Home / Features / Run any model / Self-host LLMs

Self-host LLMs in osFoundry — open weights, no vendor lock-in

osFoundry self-hosts any open-weight LLM (Llama, Qwen, Mistral, Mixtral, DeepSeek, Phi, GPT-OSS) with full control over weights, runtime, and routing. Run on your local hardware, on a dedicated GPU endpoint in osFoundry cloud, or on your own infrastructure. The model is registered in your workspace catalog and routable from Maestro the moment it’s loaded.

Quick answer

Self-host any of the 76K open-weight models indexed in the catalog.
Three runtimes: local hardware, osFoundry cloud GPU endpoint, your own GPU server.
Model is workspace-routable the moment it loads.
Full data control — weights and prompts never leave your scope.

Key capabilities

76K open-weight models indexed and installable in one click.
Built-in inference server (no Ollama, no manual llama.cpp setup).
Quantisation at install: pick Q4 for cheap, FP16 for full precision.
Hot-swap LoRA adapters on a base model — many specialised variants on one GPU.
Workspace-wide routing — same model handle, three possible backends.

How to do it in osFoundry

Browse and pick a model — Open /community/models, filter to open-weight, pick the size that fits your target hardware.
Choose where to host — Local (free, your hardware), osFoundry cloud GPU endpoint (per-second billing), or your own GPU server (free; you manage infra).
Install — One click. The platform pulls the weights, applies the quantisation you picked, loads into the inference server.
Use it — The model is now a routable handle in Maestro and every Room App. Switch to it per request or via osStudio routing rules.

How osFoundry compares

Capability	osFoundry	Most other tools
Setup time	Minutes — one-click install.	Hours of llama.cpp / vLLM / Triton setup.
Hardware	Local, our cloud, or yours — interchangeable.	Pick one venue, commit.
Routing post-install	Automatic — model is a workspace handle.	Manual API wiring in your code.
Quantisation	Pick at install; switch later.	Convert weights manually with separate tooling.

Use cases

Privacy-sensitive industry: Healthcare / legal / finance team self-hosts Llama 3.1 70B on an internal A100 — prompts and outputs never leave the org perimeter.
High-volume SaaS: Run Mixtral 8x22B on a reserved H100 for 80% of traffic; burst to a cloud API for the hard 20%. Per-token cost drops by 60%.
Researcher: Test 12 candidate base models locally before picking one for fine-tuning. Free, fast iteration without hosted API bills.

Frequently asked questions

What models can I self-host on osFoundry?

Any of the 76K open-weight models indexed at /community/models — Llama, Qwen, Mistral, Mixtral, DeepSeek, Phi, GPT-OSS, and more.

Do I need to fine-tune to self-host?

No. Self-hosting just means running the base model under your control. Fine-tuning is optional (LoRA flow available).

Is self-hosting cheaper than BYOK to a hosted API?

For high volume, yes. A reserved A100 amortises across millions of tokens at a lower per-token cost than hosted pricing.
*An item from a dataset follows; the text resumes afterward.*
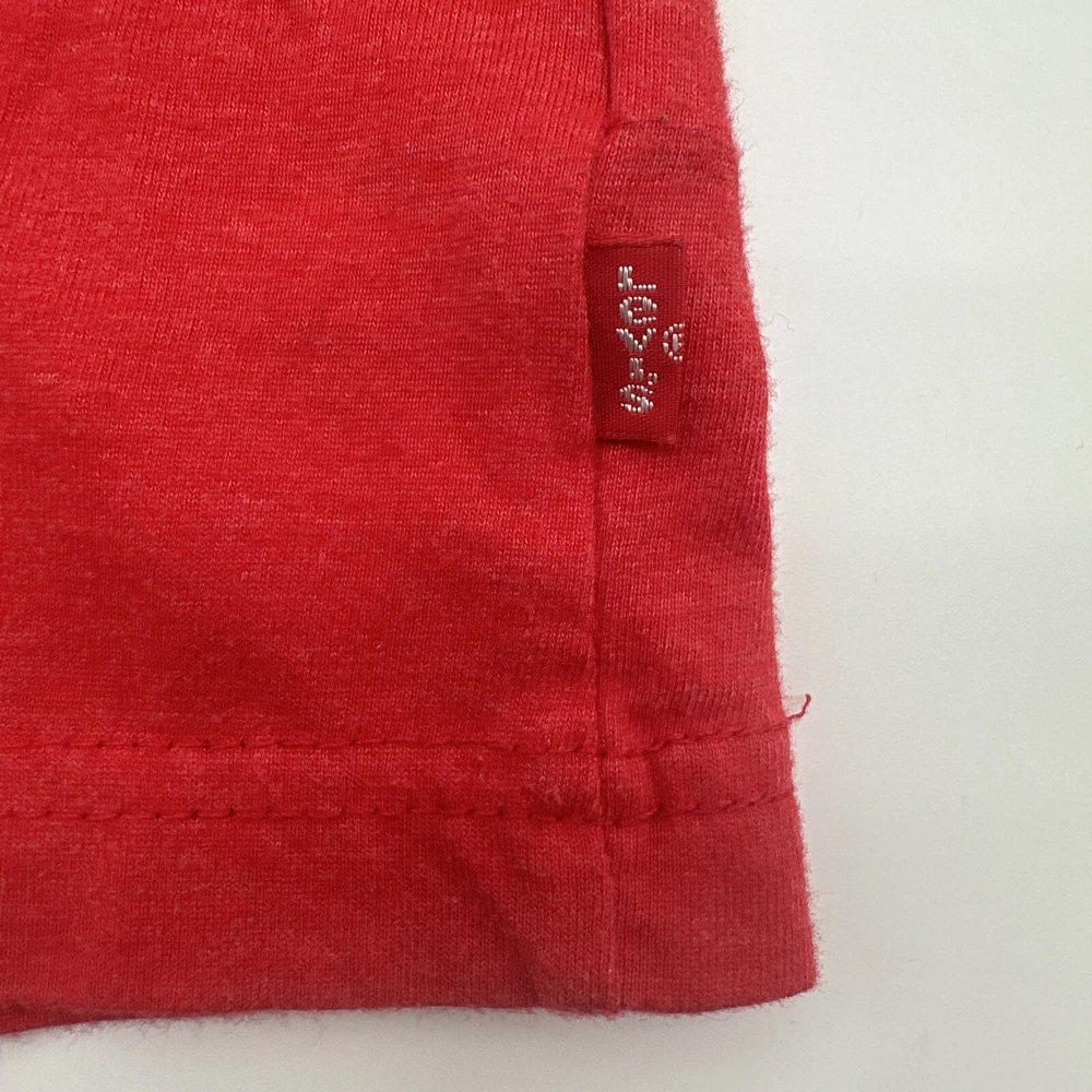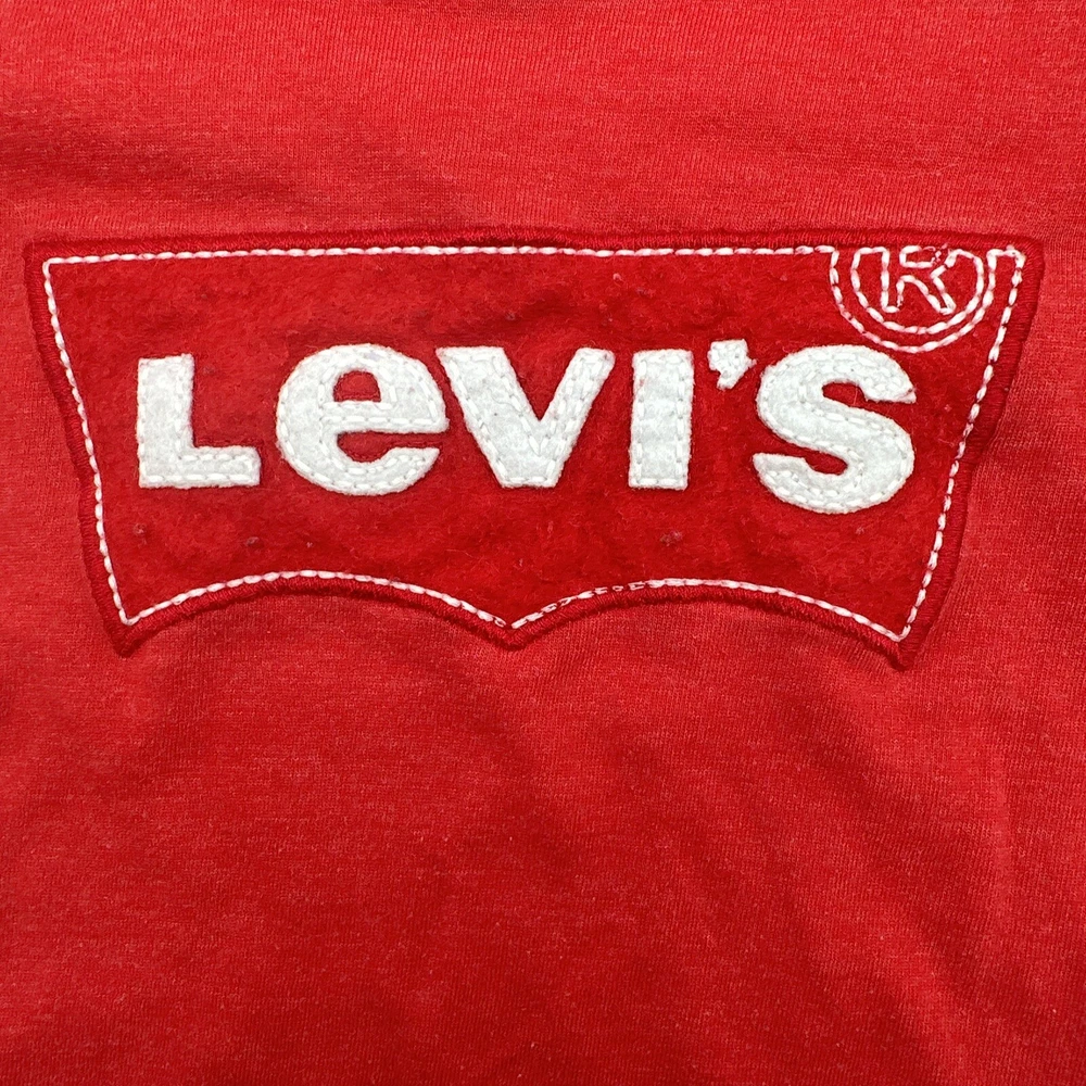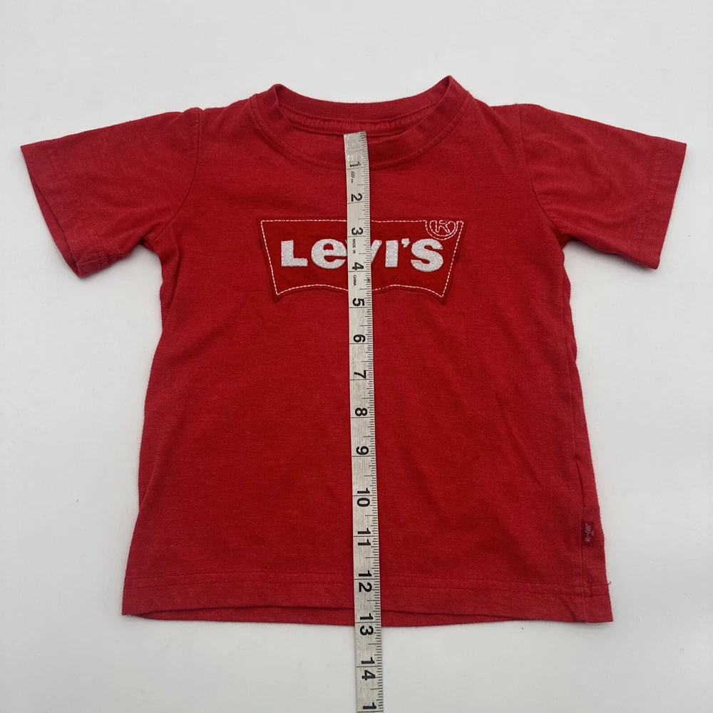 Dress up your little boy in this stylish Levi's T-shirt, featuring a red color with an embroidered logo. The shirt is made of a comfortable blend of polyester and cotton, ensuring a relaxed fit for your child. This short-sleeved crew neck tee is perfect for casual occasions, whether it's a day at the beach or just hanging out. The shirt is available in size 3T, suitable for boys aged 2-3 years. It has a pullover closure and is designed with solid patterns. This T-shirt is a great addition to your child's wardrobe, representing the Levi's brand and style. Check pictures for flaws and measurements

Can I bring my own quantised weights?

Yes — upload a .safetensors or .gguf file and osFoundry registers it as a custom model.

What licences apply when I self-host?

The base model’s licence. Each model page in the catalog has a licence explainer (commercial-use / restricted / research-only).

Can the same model be hosted in two places at once?

Yes — same model handle can have a local backend and a cloud-endpoint backend simultaneously. Routing rules decide which runs each request.

Pricing

Local self-hosting: free (your hardware, your electricity). osFoundry cloud GPU endpoint: per-second of GPU time at A10 / A100 / H100 rates. Your own GPU server: free to osFoundry; pay your infra provider.